On Sun, 2007-01-07 at 18:31 -0800, David Brownell wrote:
> On Saturday 06 January 2007 9:57 pm, Matthew Garrett wrote:
> > On Sat, Jan 06, 2007 at 02:42:22PM -0800, David Brownell wrote:
> > > On Saturday 06 January 2007 3:35 am, Zhang Rui wrote:
> > > > 
> > > > Create /sys/power/alarm.
> > > 
> > > Urg.  This doesn't work with the RTC framework, which accepts the reality
> > > that some systems have multiple RTCs ... /sys/class/rtc/rtcN/alarm is a
> > > much more appropriate location for that RTC's alarm.
> > 
Errr, I never met this multiple RTCs situation before and it's true
that /sys/power/alarm can not handle multiple RTCs.
I don't know why they are needed, maybe for the embedded system?
Could you provide me more details about this multiple RTCs please?
Thanks.
> > Especially since /proc/acpi/alarm is just banging on the RTC registers 
> > - the only ACPI thing about it is that the FADT can expose whether or 
> > not the extended registers exist, and then making sure that the GPE is 
> > enabled.
> 
> The FADT also exposes whether the RTC can wake from S4.  You may have
> noticed that my rtc-cmos patch #3 exported the relevant FADT info
> to the RTC device using platform_data, but the S4 wake capability flag
> isn't useful for anything on today's Linux.
> Not speaking as an ACPI expert, I do see the ACPI spec says (right
> under fig 4-11 in my version) that RTC events don't require GPEs.
> 
Enabling the GPE for RTC is needed.

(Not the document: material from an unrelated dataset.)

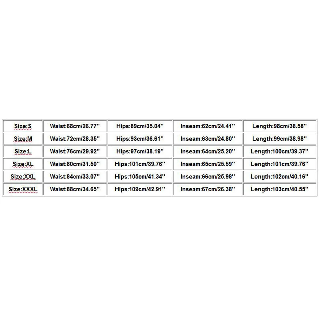 | Size:XXXL | Waist:88cm/34.65” | Hips:109cm/42.91” | Inseam:67cm/26.38” | Length:103cm/40.55” |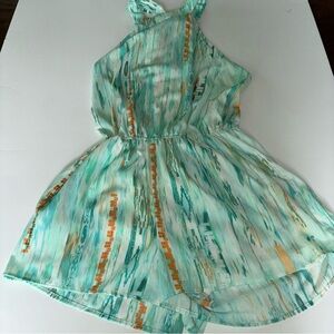 Halter tie at neck, open back romper with elastic waist, 2 side pockets

According to the ACPI spec 3.0,
which is the latest version, "If the RTC wake event status and enable
bits are implemented in fixed hardware, the platform are able to
indicate an RTC wake source without consuming a GPE bit, as would be
required if RTC wake was not implemented using the fixed hardware RTC
feature". You can get it in 4.7.2.4.